Repeat each line of the data below exactly, but skip the pictures.

Information supplied ▸
================
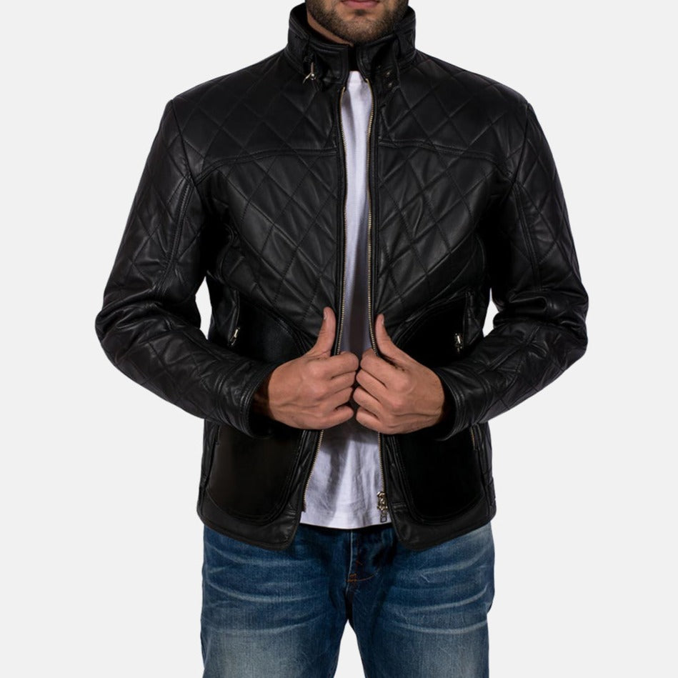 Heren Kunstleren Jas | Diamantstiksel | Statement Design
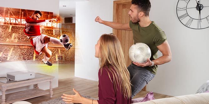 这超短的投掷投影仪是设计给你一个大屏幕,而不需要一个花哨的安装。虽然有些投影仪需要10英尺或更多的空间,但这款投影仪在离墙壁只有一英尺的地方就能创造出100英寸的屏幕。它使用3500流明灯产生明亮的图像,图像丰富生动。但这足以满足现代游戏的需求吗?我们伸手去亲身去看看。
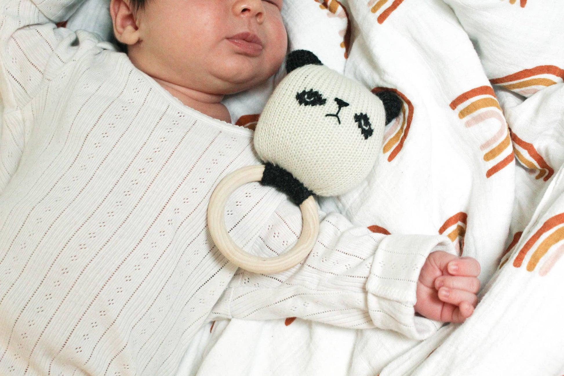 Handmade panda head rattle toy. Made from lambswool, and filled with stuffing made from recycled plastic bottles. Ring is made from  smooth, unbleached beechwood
================
Reply ▸
 Heren Kunstleren Jas | Diamantstiksel | Statement Design
 这超短的投掷投影仪是设计给你一个大屏幕,而不需要一个花哨的安装。虽然有些投影仪需要10英尺或更多的空间,但这款投影仪在离墙壁只有一英尺的地方就能创造出100英寸的屏幕。它使用3500流明灯产生明亮的图像,图像丰富生动。但这足以满足现代游戏的需求吗?我们伸手去亲身去看看。
 Handmade panda head rattle toy. Made from lambswool, and filled with stuffing made from recycled plastic bottles. Ring is made from  smooth, unbleached beechwood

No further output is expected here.